I just finished listening to the audiobook of Haruki
Murakami’s After Dark, a novel that
takes place in the space of only seven hours in Tokyo. The plot follows four
main characters and several minor characters from midnight to dawn of one day in
the grungy downtown entertainment district. I didn’t like the novel as much as
Murakami’s stellar The Wind-Up Bird
Chronicle, Norwegian Wood, or his short stories in The Elephant Vanishes, but After
Dark does have a couple of classic Murakami scenes where he is at his best,
and those scenes alone make the novel worthwhile.
Haruki Murakami with jazz records |
Murakami is a master at creating a situation where two
characters encounter one another by chance and start talking deeply, and
suddenly their hearts and thoughts spring open up in a way that is
extraordinary and reveals surprising truths.

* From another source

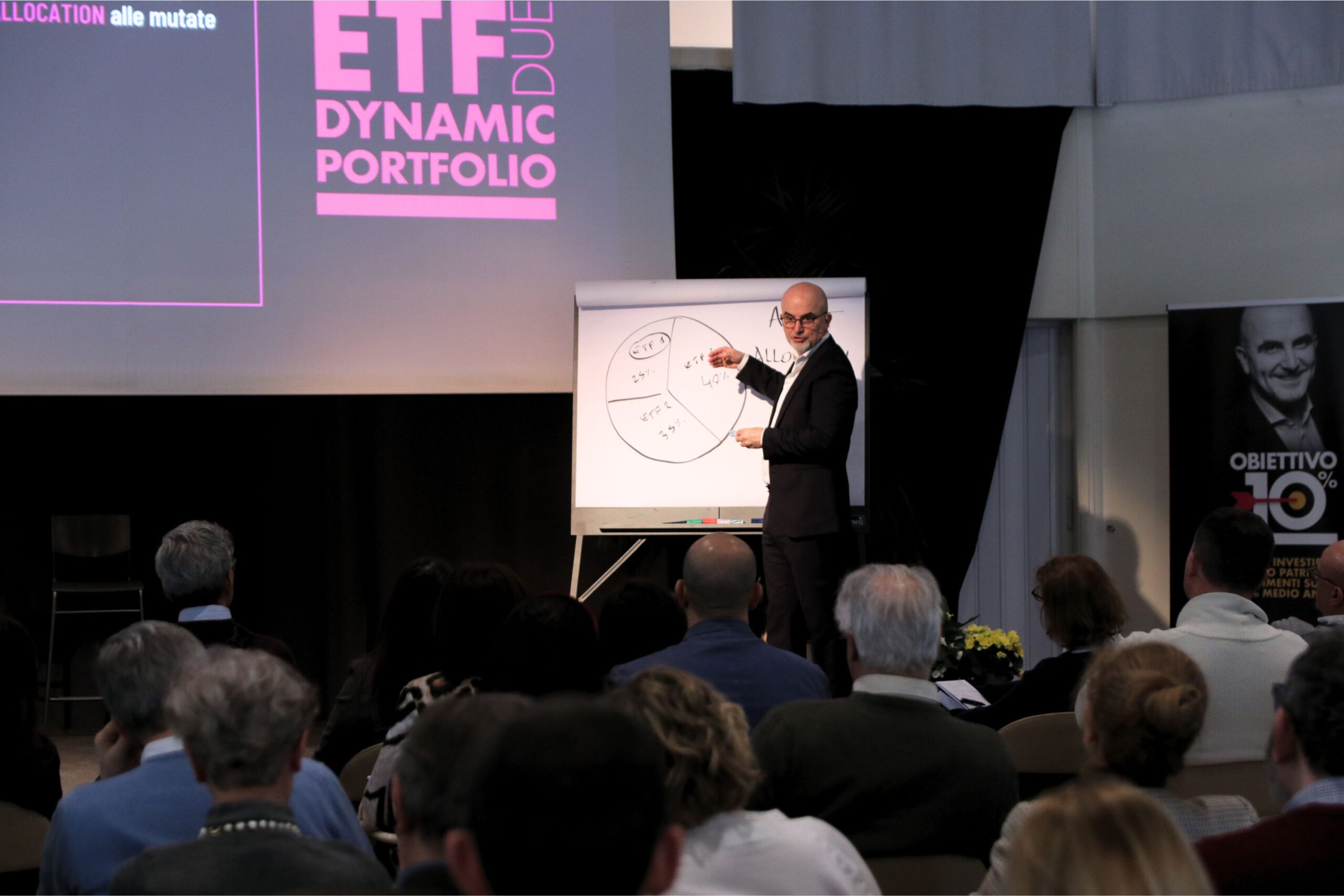 Era seduto in terza fila a OBIETTIVO 10%, giacca blu, capelli leggermente brizzolati. Così a

I love Murakami's writing, so I
was quite surprised when I heard him taken to task at an international
symposium on literature I attended a few years ago. At the Third Seoul
International Forum for Literature in 2011, eminent Korean scholar Yu Jong-ho,
professor emeritus at Yonsei University, criticized Murakami at a session where
I also spoke on “The Globalizing World and the Human Community.” Though his
criticisms of Murakami didn’t focus on the globalization of literature per se,
Professor Yu’s comments appeared to me to be prompted in part by the
Westernized cultural references in Murakami’s fiction.
After Dark is a
prime example. Though the novel takes place in Tokyo, it begins in a Denny’s
Restaurant. There are numerous discussions of music in the book, partly because
one of the main characters, Takahashi Tetsyta, is an aspiring jazz trombonist.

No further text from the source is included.